First, look for criminal reuse. SOCRadar says the FortiBleed dataset is organized by country, sector, and organization revenue, which is the sort of structure that makes access easier to sell or route to ransomware crews. If leaked FortiGate credentials begin appearing in broader breach forums or access markets, organizations that delayed rotation will lose the time advantage they still have.

Second, watch for copycat tooling. The technique relies on legitimate FortiOS diagnostics, so defenders should assume other actors can reproduce the idea. The specific FortigateSniffer implementation matters less than the pattern: valid admin access plus packet capture plus credential parsing.

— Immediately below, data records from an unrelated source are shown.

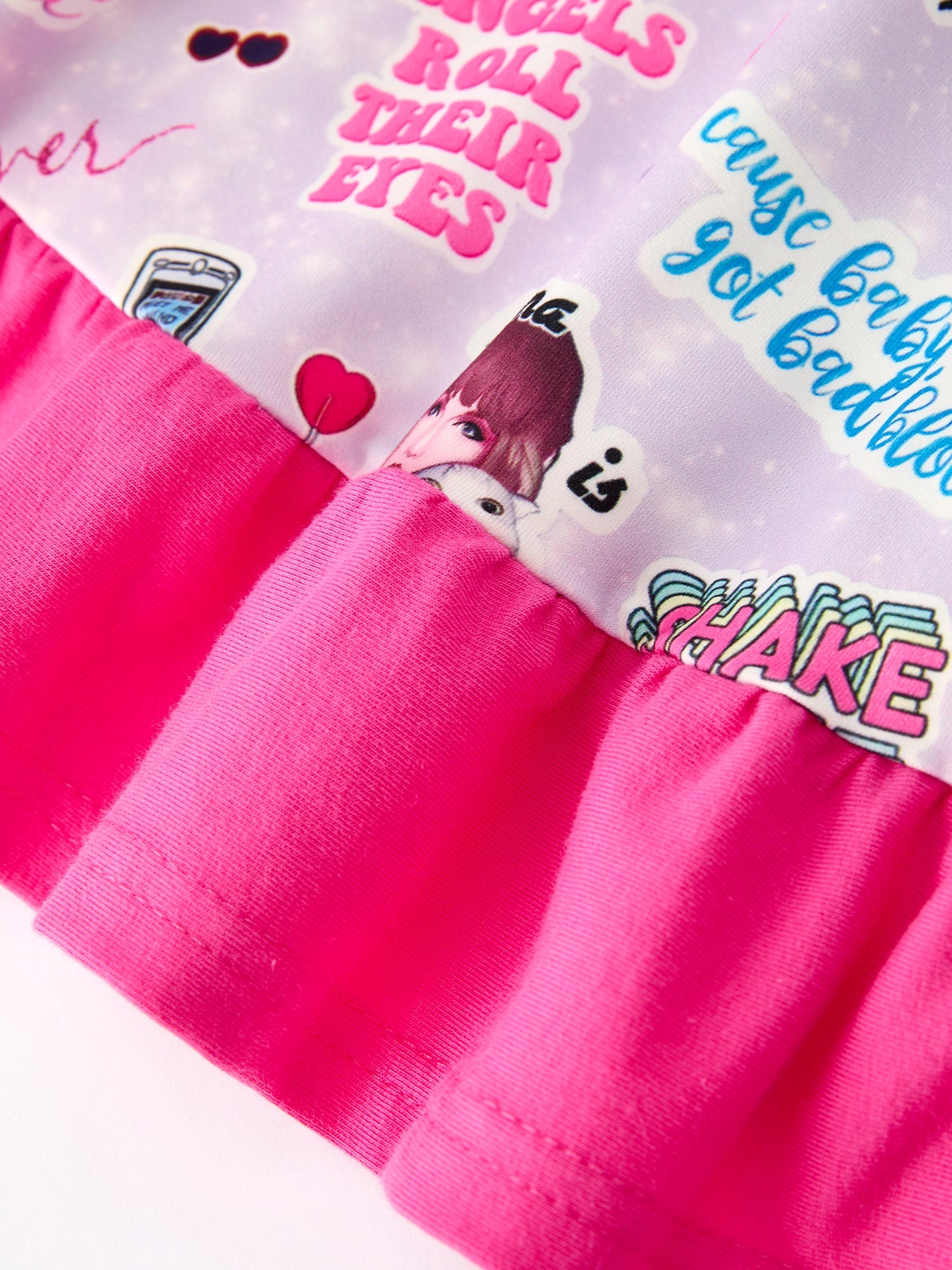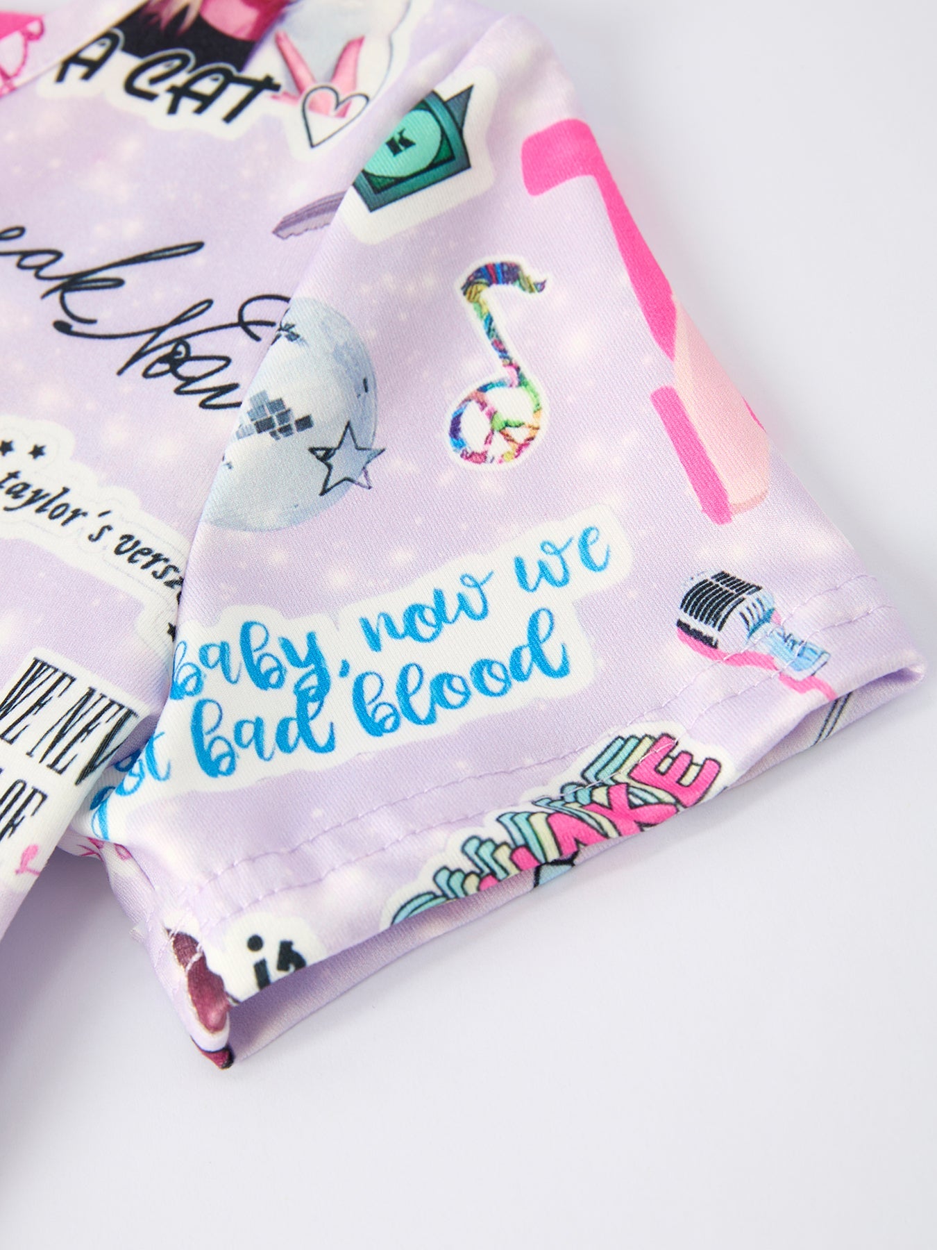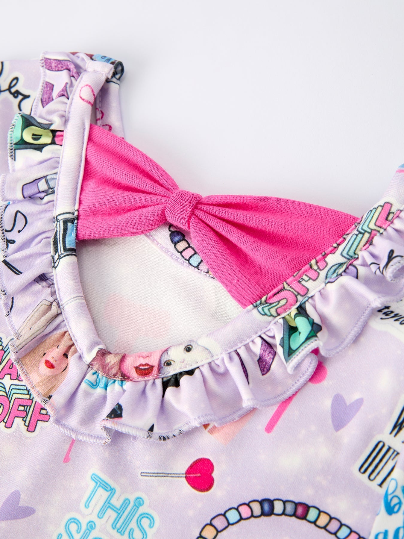 Purple TS Print Ruffle Girls' Short Sleeve Dress
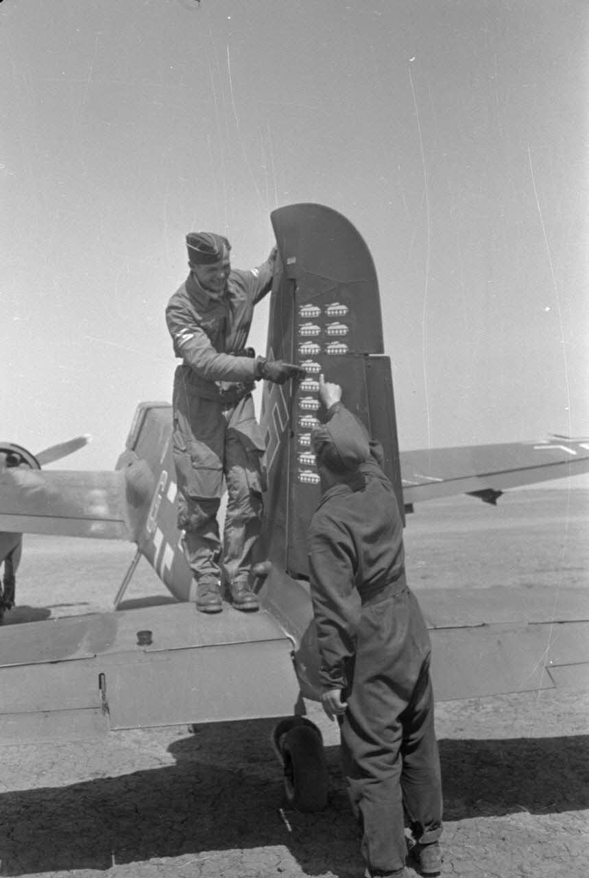 Le pilote Rudolf-Heinz Ruffer à bord de son Henschel Hs-129 du 8. (Panzer)/Schlachtgeschwader 1 (DAA 2682 L00 à L07).
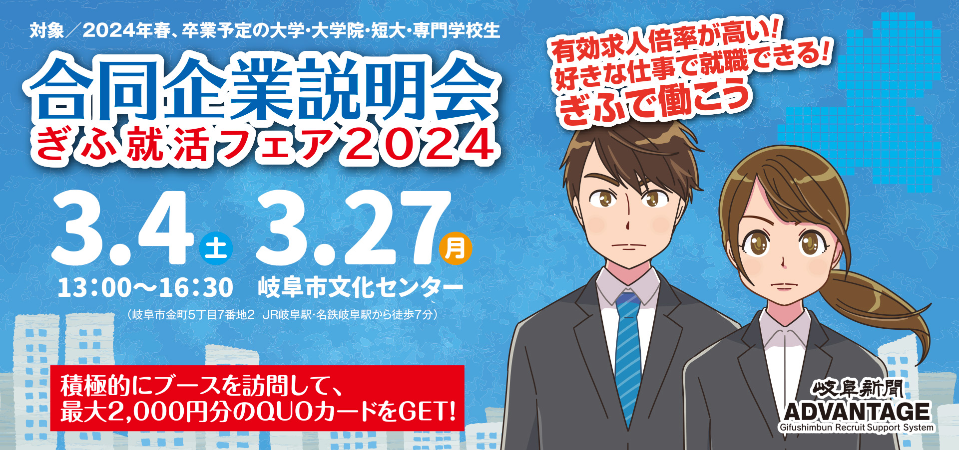 - ✓ og:description — 岐阜新聞ADVANTAGEは、地元・岐阜の企業が集まる合同企業説明会を随時開催しています。面接や選考の場ではなく、企業の担当者と直接会話するなかで情報収集を行ってもらう場です。岐阜県で就職を考える大学生・大学院生・短大生・専門学校生の方はぜひご参加ください。
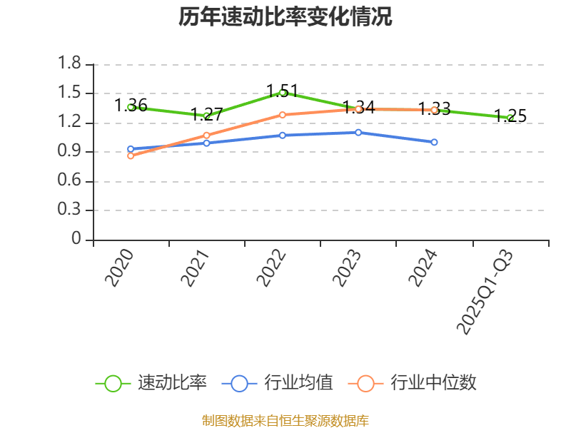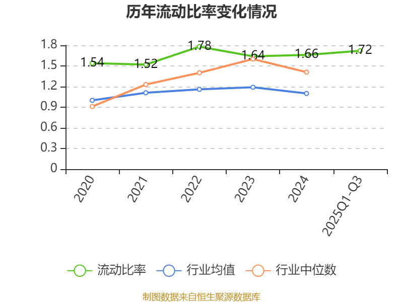 2025年前三季度,公司流动比率为1.72,速动比率为1.25。
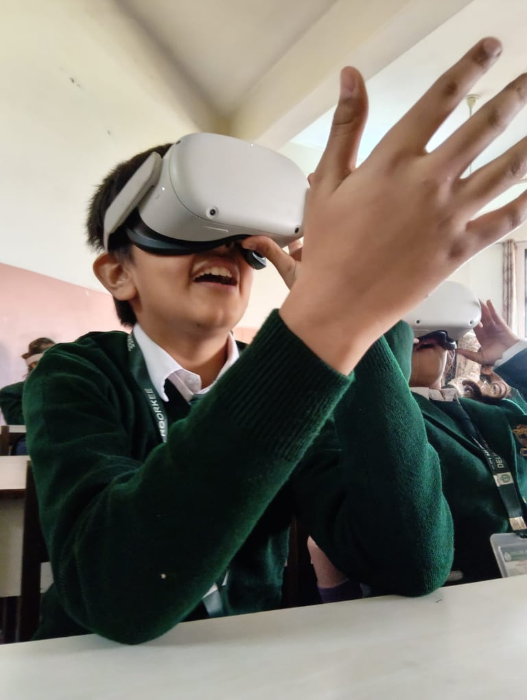 At Asha Modern International School, we conducted engaging VR learning workshops that allowed students to explore space missions and scientific concepts in an immersive environment. The collaboration emphasized experiential education and higher learning retention.
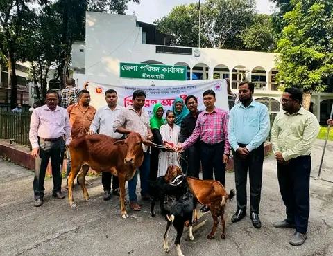 নীলফামারী প্রতিনিধি: নীলফামারীতে তৃতীয় লিঙ্গের (হিজড়া) দুইজন মানুষকে আত্মকর্মসংস্থানের লক্ষ্যে গাই-বাছুর ও ছাগল প্রদান করেছে জেলা পরিষদ। মঙ্গলবার (৩ সেপ্টেম্বর) দুপুরে জেলা পরিষদ চত্বরে আনুষ্ঠানিকভাবে তাদের হাতে এ সহায়তা তুলে দেওয়া হয়। প্রত্যেকে একটি করে গাই-বাছুর ও তিনটি করে ছাগল পান।
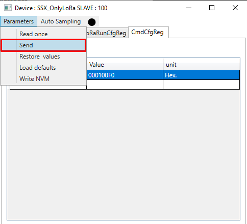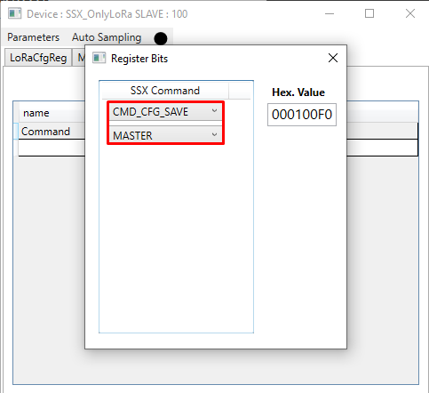 7. El apartado CMDCfgReg que significa "CMD configuration registers", sirve para enviar diversas solicitudes a la SSX. Para hacer eso debemos hacer doble click izquierdo a la derecha de Command y se nos abrirá una ventana donde podremos seleccionar las distintas solicitudes. La más importante en este caso es la de CMD_CFG_SAVE, que sirve para guardar los cambios que hemos realizado.
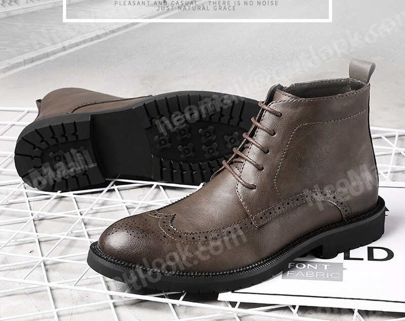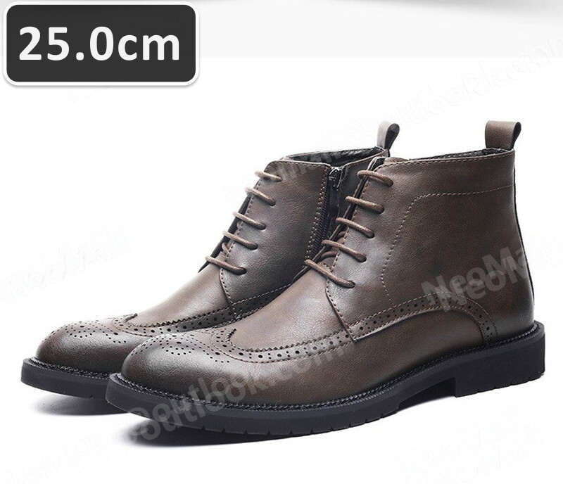 サイドジッパー付 PUレザー メンズ シュートブーツ ブラウン サイズ 25.0cm カジュアル 屈曲性 通勤 軽量 インポート品【n029】
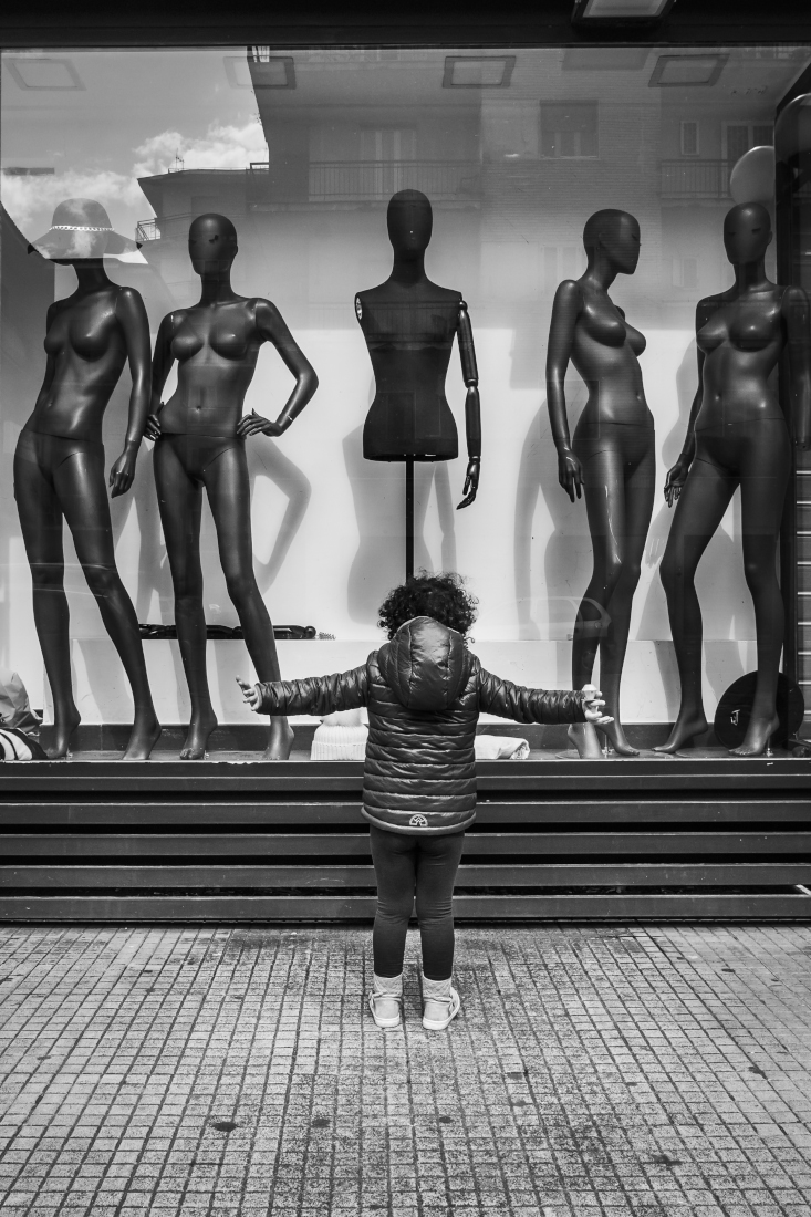 Che bella foto. Il momento restituisce un rapporto tra la bimba ed i manichini stupendo . Ok!
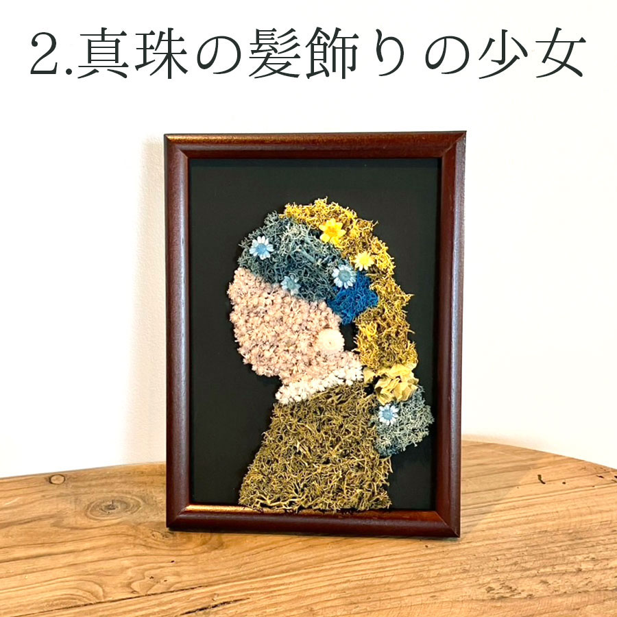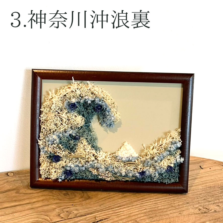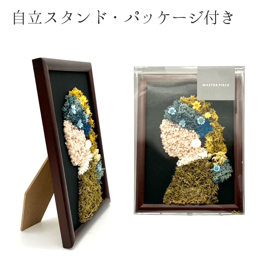 高品質なプリザーブドフラワーを存分に使用したフレーム付きの名画をモチーフにしたアートです。枯れる心配がなく、フレーム付きのためドライフラワーが落ちてしまう心配もありません。和洋3パターンのアートから選べるので、様々な場面でプレゼントにピッタリ。アートやドライフラワーのどちらとも違った魅力で、喜んでもらえます。

Third, watch your own management plane. If FortiGate admin access is still exposed to the internet on June 23, 2026, the fix is no longer a future architecture project. Remove it or put it behind controlled access. Public edge admin is operational debt with a countdown timer.

This is also a useful moment to check adjacent Fortinet exposure. FortiBleed follows earlier Fortinet credential and edge-device incidents, and attackers love estates where one appliance family has been treated as a static box instead of a living production system. Inventory matters. Log retention matters. Config diffing matters. Secret rotation matters most.

The bet to make: assume credential reuse will remain a profitable attacker workflow through 2026, especially against network edge devices with public management surfaces.

The bet to avoid: assuming a vendor patch or a single password reset closes the incident. FortiBleed's reported sniffer behavior means the thing stolen from the firewall may be credentials for systems the firewall merely watched.

The edge is no longer just a gate

A compromised firewall is a privileged observer. FortiBleed turns that observer into a collector.

That is the practical lesson for operators. Secure the FortiGate, then chase every credential that passed through it. The attacker does not need your whole network if your edge device quietly hands them the next password.